As a result, until 2013 more than 25 different documents were flying around which defined Internet Governance principles. This contributed to confusion and invited to “principle shopping” where actors just picked the principles they liked to justify their behavior in cyberspace. The weakness of all those principles and documents was that they were supported either by only one stakeholder group or were limited in scope by geography and substance. None of the 25+ documents was universal and multistakeholder.

On the other hand a comparison of all those documents showed that around 70 percent of the principles were identical, 20 percent very similar and only 10 per cent controversial.
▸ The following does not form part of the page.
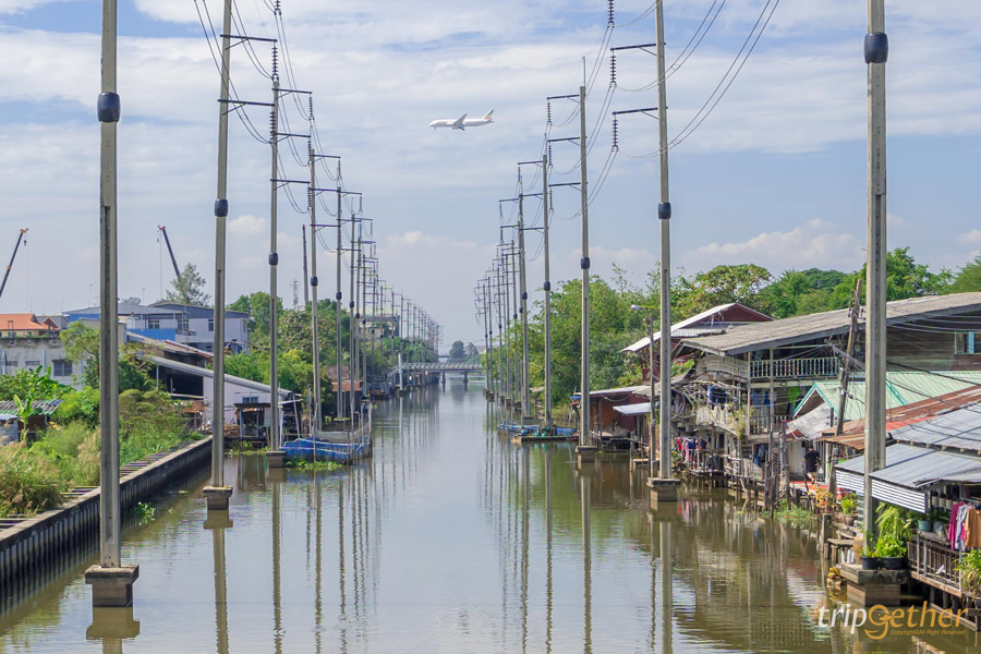 เมื่อเดินทางมาถึงตลาดเก่าหัวตะเข้ ใช้เวลาเดินต่อไปในตลาดไม่ไกลมากสองข้างทางเป็นชุมชนที่มีความวินเทจมากๆ มีแม่ค้าขายของกิน ของใช้ริมทางให้เลือกซื้อมากมายมองเพลินตาสุดๆ ที่นี่คงความเก่าที่สวยคลาสสิกสุดๆ เมื่อมาถึงก็จะเจอสะพานให้เราข้ามคลองเพื่อเข้าไปยังตลาดเก่าหัวตะเข้ที่ล้อมรอบไปด้วยบ้านริมคลองแถมยังมีวิวสวยๆ มีเครื่องบินผ่านให้ได้เก็บภาพบรรยากาศมาให้ชมด้วย

  1. All parties support the Multi-stakeholder model (MSM) as a basic governance principles;
  2. All parties support the historically grown architectural principles of an open Internet (e2e);
  3. All parties identify three main areas for Internet Governance policies: Human Rights, Security and Economy;
  4. But the various parties had different priorities with regard to public policy issues

What this Internet Principle Hype documented was an important policy shift from a controversial “no law vs. binding law” constellation to a more flexible soft law approach for a new ‘netiquette’ which is aimed not only at the geeks and freaks of the technical Internet community but also at governments, business and civil society around the whole globe. More and more parties agreed that such a soft law approach could indeed deliver both the needed flexibility and a higher degree of security, stability and resilience to get the trust of the next billion Internet users, the next wave of Internet entrepreneurs and the next generation of Internet policy makers.
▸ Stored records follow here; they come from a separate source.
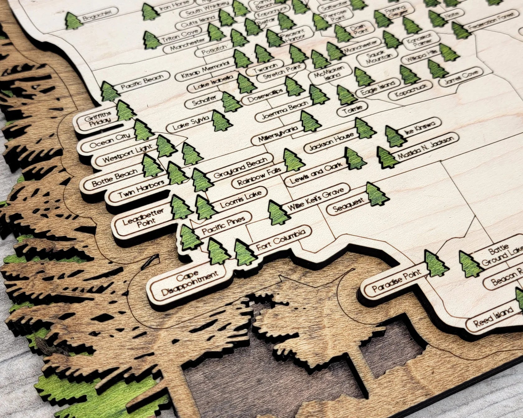 Embark on a journey through the beauty of America's state parks with the Washington State Park Explorer Map. This handcrafted map is your canvas to showcase the diverse landscapes and adventures you have experienced. With a captivating outdoor theme background featuring everything your state has to offer, each map can be customized by adding a family name, creating a unique reflection of your outdoor exploration. This customization makes it an ideal gift or cherished family keepsake.
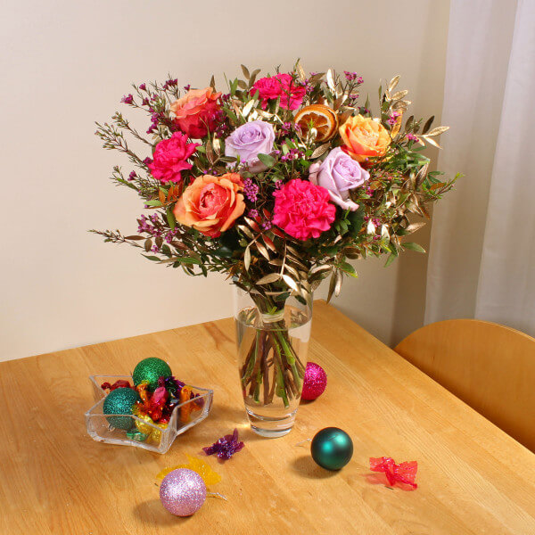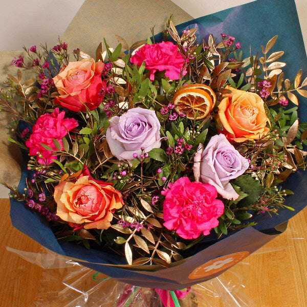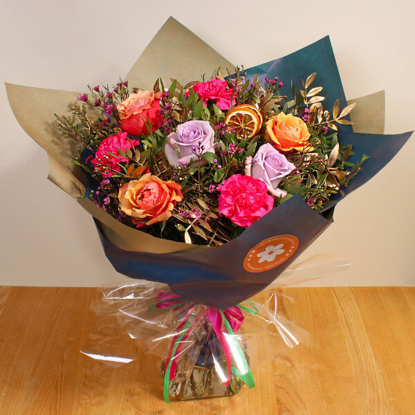 This quirky bouquet featuring Carnations and Roses, is a playful mix of colours designed to catch the eye. Playful and fun, this hand tied bouquet is bound to make them smile.
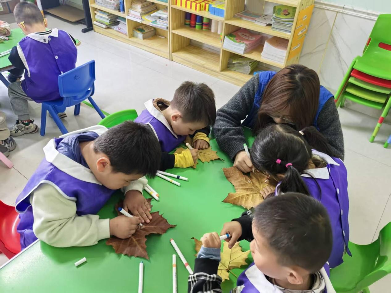活动前期,志愿者精心筹备木叶画材料、研习绘制技巧并明确教学、摄影、后勤分工。活动伊始,志愿者引导幼儿有序领取材料后,以“叶上绘童话”开场,简要讲解商丘木叶画历史与创作方法,随即一对一开展协助:手把手调整握笔姿势,提供花鸟、卡通等创意灵感。孩子们在银杏叶上勾勒灵动图案,沉浸式体验非遗与自然碰撞的美感,很快,银杏叶上渐渐铺满灵动的图案,孩子们举着成品左看右看,眼里都漾开了笑意。最后,大家捧着叶上的“童话”合影,暖黄色的叶片衬着一张张笑脸,把非遗的趣味悄悄藏进了秋日时光里。
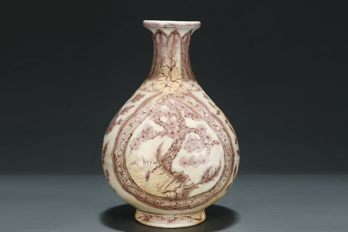 > 【竹河】中国古美術 明時代 旧藏 釉裏紅 花瓶 玉壺春瓶 時代物 唐物 古玩 骨董 藏出 置物 vt25
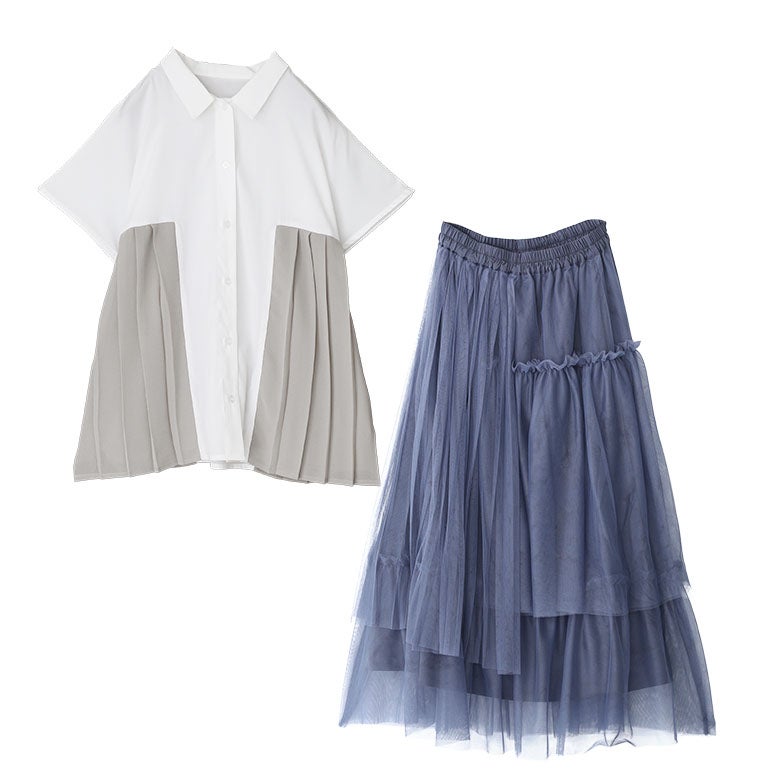 他の画像を見る 届いてすぐにお洒落に変身2点コーデSET♪ 『サイド異素材プリーツシャツ×プリーツデザインチュールスカートコーデ2点SET』【メール便不可】【30】 ¥ 13,960 税込 販売開始前です。 販売期間 2026/04/23 10:00 〜 2027/04/20 23:59 (0)
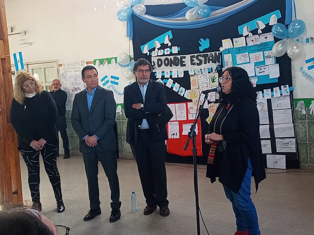 "Este es un ACTO DE JUSTICIA Y REPARACIÓN HISTÓRICA, SIMBÓLICA, SOCIAL Y FAMILIAR ante el dolor, el silencio y el ocultamiento de tantos años" expresó Patricia Romero Díaz, Secretaria de DDHH del SUTEBA, quien habló en nombre de las Organizaciones Sindicales integrantes de la Comisión de la Verdad Histórica, poniendo en valor que haya sido el Estado Provincial, a través de la DGCyE, quien convocó a los Sindicatos a retomar las actividades de la misma cuando habían sido suspendidas durante el Gobierno de María Eugenia Vidal.
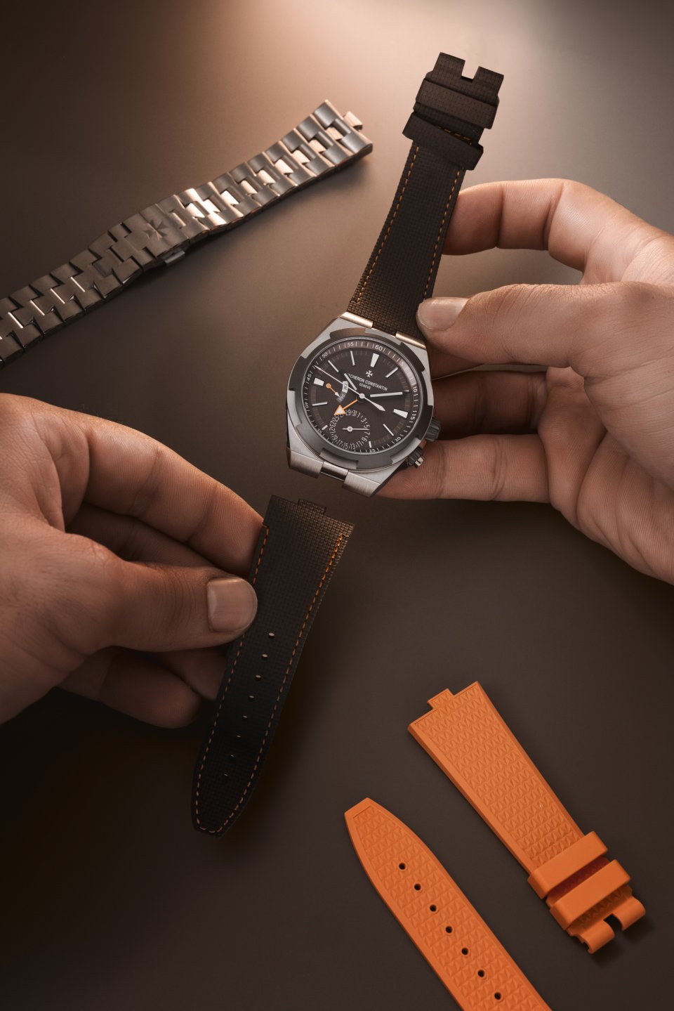 1本はオレンジのラバーにマルタ十字に着想を得た質感が、もう1本はダイヤルカラーと同じ色合いのラバーに質感のある模様があしらわれています。

The IGF became the place for a broader discussion around Internet Governance principles. At the 6th IGF in Nairobi (2011) the Council of Europe organized a workshop under the title: “A Constitutional Moment in the History of the Internet”. The debate continued at the 7th IGF in Baku (2012) when the proposal was made to bring the various projects into a process of “enhanced communication”.

At the 8th IGF in Bali (2013) for the first time the main sponsors of the various declarations—OECD, Council of Europe, the governments of Russia, China and India, cgi.br, APC, I* and GNI—were sitting on one table. And they concluded that it would make sense to move from enhanced communication to enhanced cooperation and try to “globalize” and “multistakeholderize” the process of the making of Internet Governance principles. One idea was to form a “Drafting Team” in collaboration with the IGF Dynamic Coalition on Rights and Principles and to present at the 9th IGF in Istanbul (September 2014) a draft which could be further improved for adoption at the 10th IGF in 2015.


This plan was soon over-rolled by the dynamic events which followed the revelations of Edward Snowden in summer 2013. The Brazilian president Dilma Roussef gave a speech at the 68th UN General Assembly in September 2013 and called for a new approach to Internet Governance which resulted in the convening of NETmundial in April 2014. In the NETmundial preparatory meeting in Barcelona (January 2014) the High Level Committee decided that the Internet Governance principles could be an issue for agreement at NETmundial. And indeed, nearly half of the 186 proposals which were made for the final document, proposed the adoption of a set of principles. The draft which was distributed at the eve of NETmundial was only little changed in the meeting itself and finally adopted by rough consensus by all stakeholder groups, with the exception of the governments of Cuba, Russia, Saudi Arabia and India.

This is remarkable. Suddenly there is a document which defines eight principles with 17 subparagraphs how the Internet should be governed. And this document is supported by the majority of governments, by the most recognized and respected leaders from the private sector, the gurus of the technical community and a broad range of civil society organizations. With other words, the Principles of INternet Governance, adopted in Sao Paulo, summarized the previous 25+ documents, “globalized” and “multistakeholderized” them and constituted a unique base to measure good or bad behavior in cyberspace by governments, corporations and individual Internet users: PINGO!

Naming and Shaming

The Preamble of the Sao Paulo Document states that the principles are legally not binding. But never before in the history of Internet Governance there was a document with Internet Governance principles which had such a broad political support from key players from all stakeholder groups. Insofar, regardless of its legal nature, this document could soon become a main reference point for the evaluation of the use of Internet. There is no mechanism to bring a wrongdoer to an Internet court, but the NETmundial document allows “naming and shaming” if a government or a corporation does behave badly in cyberspace.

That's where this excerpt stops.